■ **WHAT TO WORK ON**:
Please retype the entries exactly as they stand, leaving out any pictures.

■ **PROVIDED INFORMATION**:
-=-=-

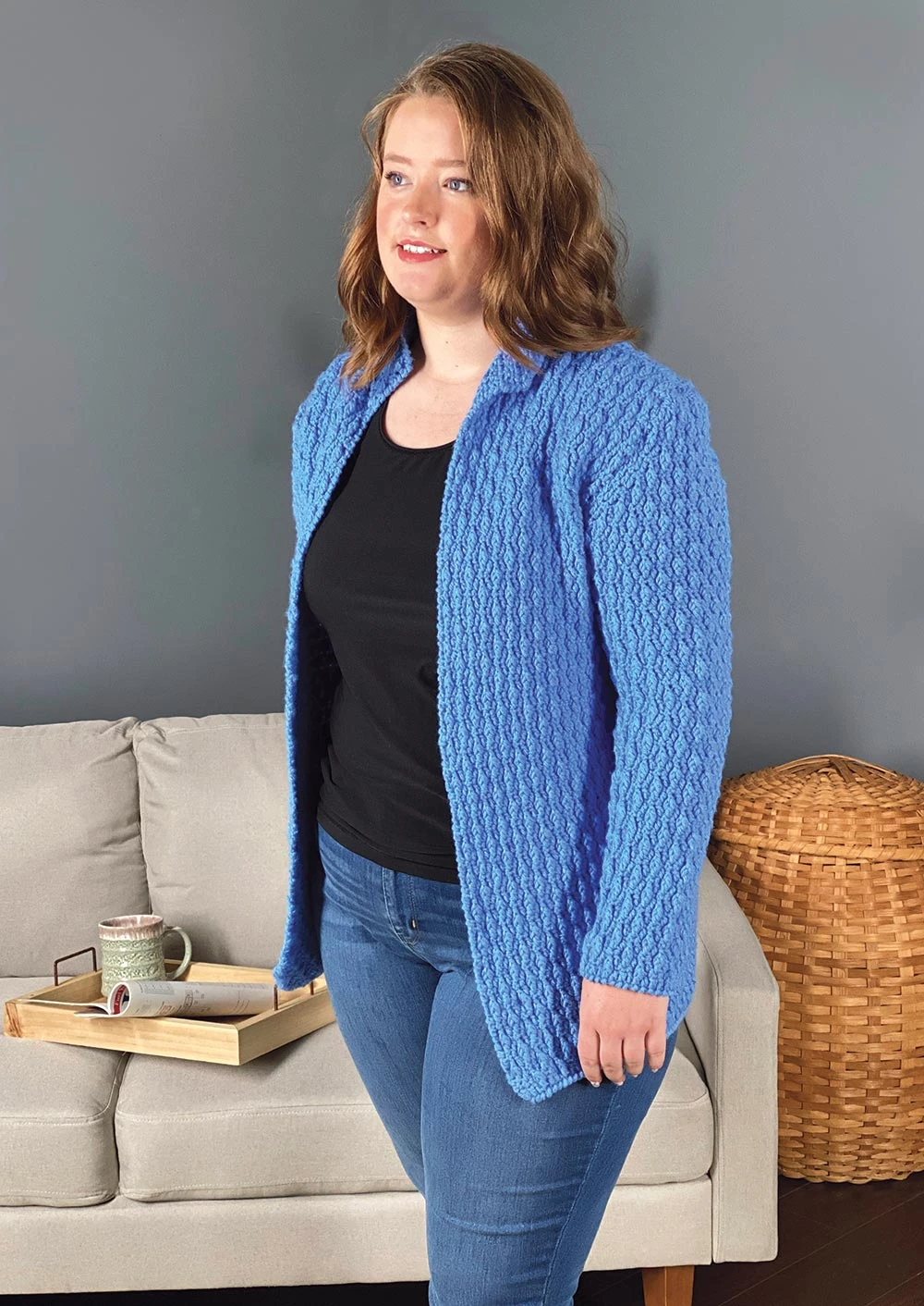 Designed by Faith Owiti. This warm sweater will keep the chill away. Kit includes Mary Maxim Starlette yarn and pattern. Requires crochet hook H-8.
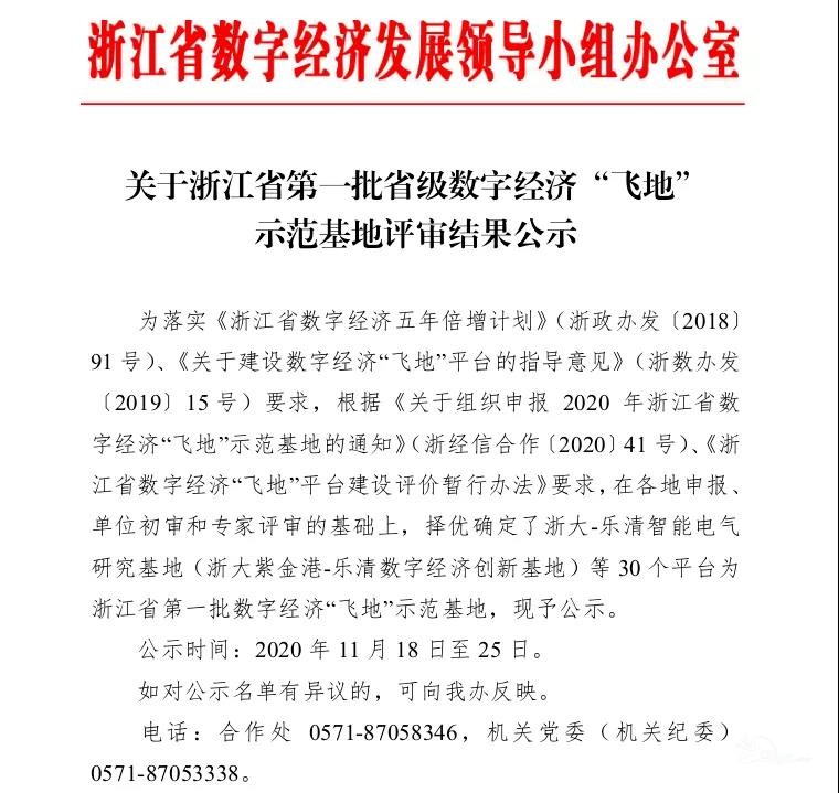 近日,浙江省数字经济发展领导小组办公室在各地申报、单位初审和专家评审的基础上,择优确定了浙大-乐清智能电气研究基地(浙大紫金港-乐清数字经济创新基地)等30 个平台为浙江省第一批数字经济“飞 ...
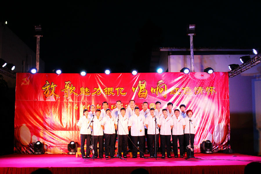 7時30分,風度翩翩的主持人朱旭波、周海華大步走向舞臺中央,宣布紅歌比賽正式開始,廣西銀億黨委副書記王小豐發(fā)表了熱情洋溢的祝詞。
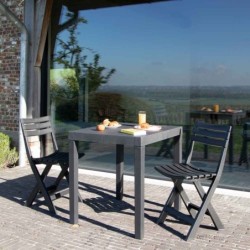 Structure en polypropylène recyclé et recyclable. 2 chaises pliables - 1 table. Dimensions table : 78 × 65 × 72 cm. Dimensions chaises : 78 x 44 x 41 cm.
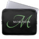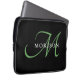 黒エレガントモダン緑スクリプトモノグラム ラップトップスリーブ
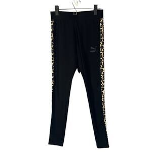 Puma Black Leopard Panel Athletic Casual Running Leggings Women Sz S
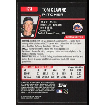 This is a 2006 Bowman Chrome Tom Glavine baseball card. The card is #173 and pictures show condition.

-=-=-

■ **RESULT OF THE TASK**:
 Designed by Faith Owiti. This warm sweater will keep the chill away. Kit includes Mary Maxim Starlette yarn and pattern. Requires crochet hook H-8.
 近日,浙江省数字经济发展领导小组办公室在各地申报、单位初审和专家评审的基础上,择优确定了浙大-乐清智能电气研究基地(浙大紫金港-乐清数字经济创新基地)等30 个平台为浙江省第一批数字经济“飞 ...
 7時30分,風度翩翩的主持人朱旭波、周海華大步走向舞臺中央,宣布紅歌比賽正式開始,廣西銀億黨委副書記王小豐發(fā)表了熱情洋溢的祝詞。
 Structure en polypropylène recyclé et recyclable. 2 chaises pliables - 1 table. Dimensions table : 78 × 65 × 72 cm. Dimensions chaises : 78 x 44 x 41 cm.
 黒エレガントモダン緑スクリプトモノグラム ラップトップスリーブ
 Puma Black Leopard Panel Athletic Casual Running Leggings Women Sz S
 This is a 2006 Bowman Chrome Tom Glavine baseball card. The card is #173 and pictures show condition.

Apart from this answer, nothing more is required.